* REQUIRED ACTION: Each line below from the "- 🌼[Package Includes]: Exfoliating" line through the "Support mmd dance" line, those two included, must be restated word for word; the pictures must not be.

* RECORDS TO USE:
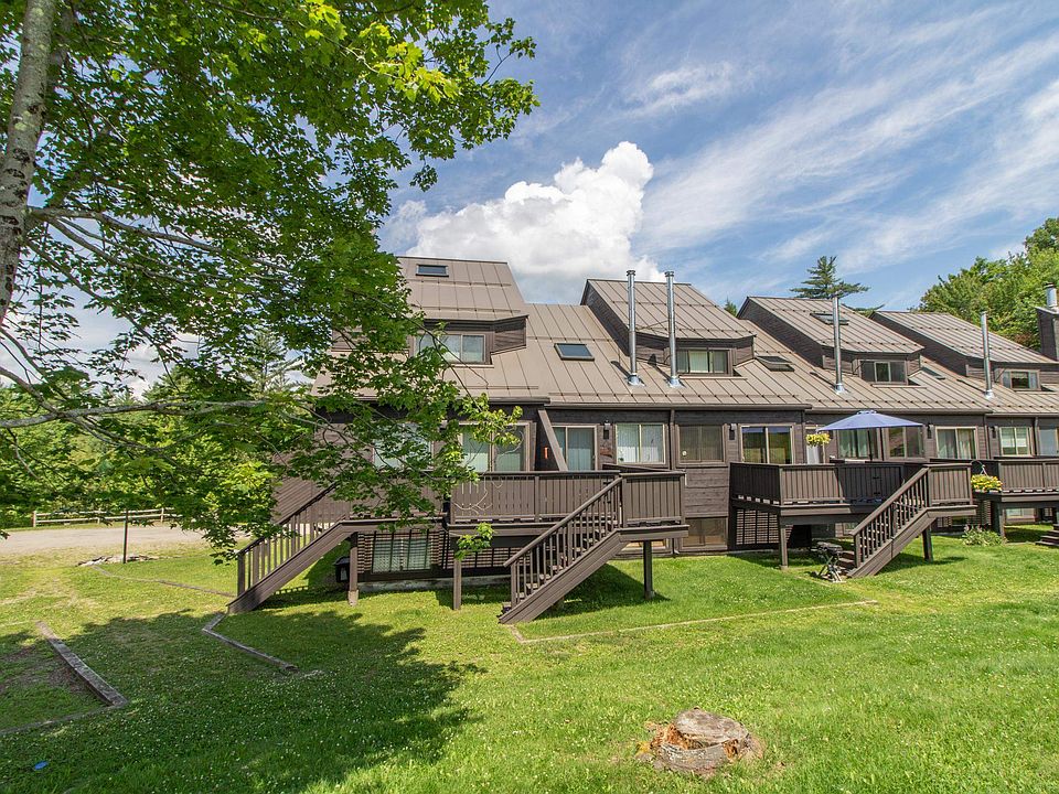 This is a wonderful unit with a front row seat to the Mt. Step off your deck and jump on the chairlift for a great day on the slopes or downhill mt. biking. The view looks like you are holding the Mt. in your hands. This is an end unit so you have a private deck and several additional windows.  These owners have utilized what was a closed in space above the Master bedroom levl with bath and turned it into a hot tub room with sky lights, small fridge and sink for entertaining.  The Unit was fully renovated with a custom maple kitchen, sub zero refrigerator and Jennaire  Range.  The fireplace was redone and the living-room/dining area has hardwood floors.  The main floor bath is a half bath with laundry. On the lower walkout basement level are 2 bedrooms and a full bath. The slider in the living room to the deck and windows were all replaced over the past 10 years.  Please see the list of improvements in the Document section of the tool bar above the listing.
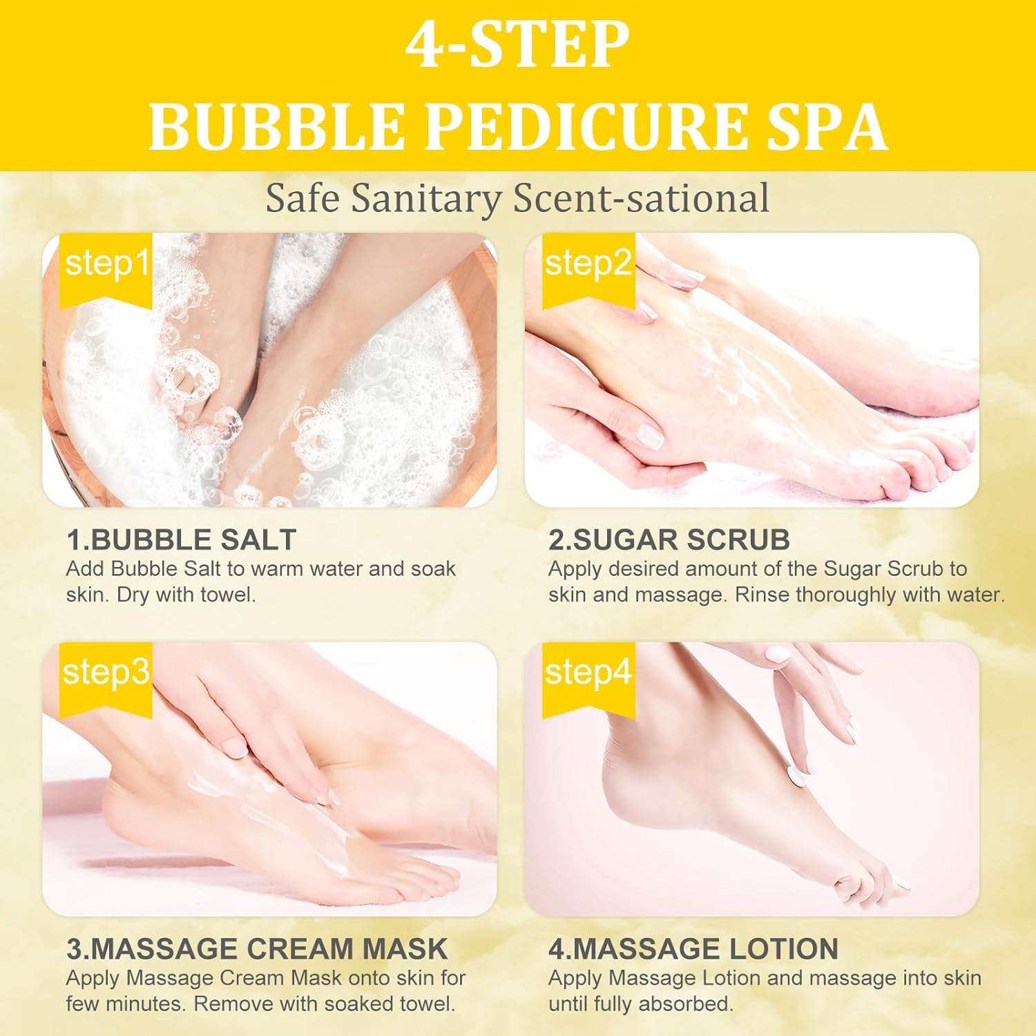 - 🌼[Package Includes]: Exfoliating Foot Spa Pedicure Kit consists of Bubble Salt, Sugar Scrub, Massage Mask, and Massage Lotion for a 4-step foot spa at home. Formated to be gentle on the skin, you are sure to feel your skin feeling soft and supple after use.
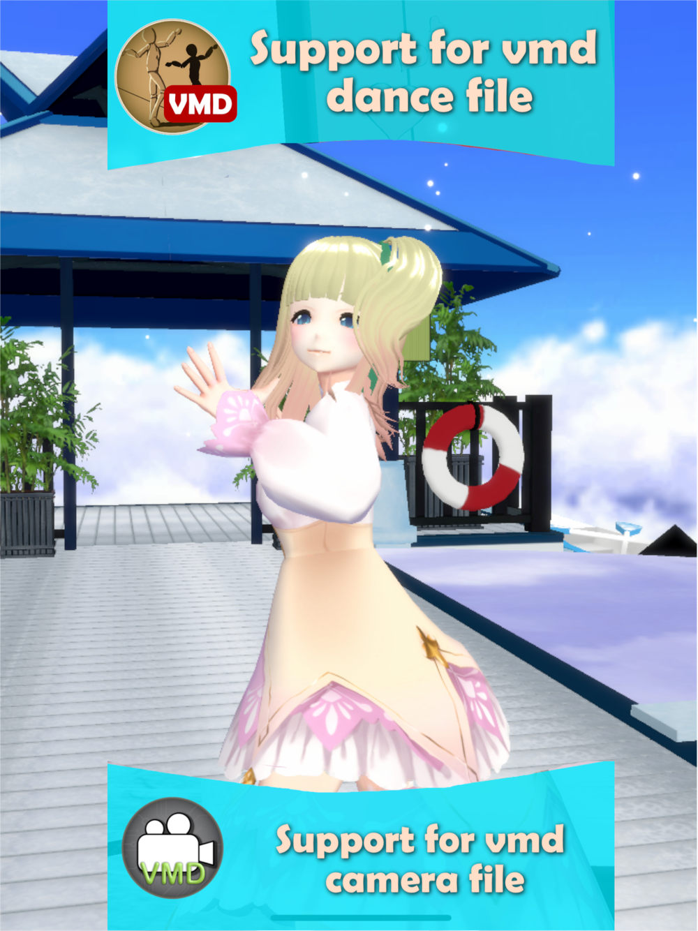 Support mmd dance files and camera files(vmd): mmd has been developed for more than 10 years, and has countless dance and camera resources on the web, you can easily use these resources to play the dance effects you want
--
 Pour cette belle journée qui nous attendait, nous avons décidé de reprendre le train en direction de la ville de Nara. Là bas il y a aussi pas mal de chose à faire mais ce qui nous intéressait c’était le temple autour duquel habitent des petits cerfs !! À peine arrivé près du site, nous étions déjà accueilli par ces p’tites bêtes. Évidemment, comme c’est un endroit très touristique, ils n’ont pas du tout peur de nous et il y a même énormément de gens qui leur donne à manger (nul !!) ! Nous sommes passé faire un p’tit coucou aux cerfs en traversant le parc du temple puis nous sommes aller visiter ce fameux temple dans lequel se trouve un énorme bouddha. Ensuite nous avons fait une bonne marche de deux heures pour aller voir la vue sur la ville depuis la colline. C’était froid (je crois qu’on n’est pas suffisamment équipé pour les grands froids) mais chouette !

* ANSWER TO THIS TASK:
 - 🌼[Package Includes]: Exfoliating Foot Spa Pedicure Kit consists of Bubble Salt, Sugar Scrub, Massage Mask, and Massage Lotion for a 4-step foot spa at home. Formated to be gentle on the skin, you are sure to feel your skin feeling soft and supple after use.
 Support mmd dance files and camera files(vmd): mmd has been developed for more than 10 years, and has countless dance and camera resources on the web, you can easily use these resources to play the dance effects you want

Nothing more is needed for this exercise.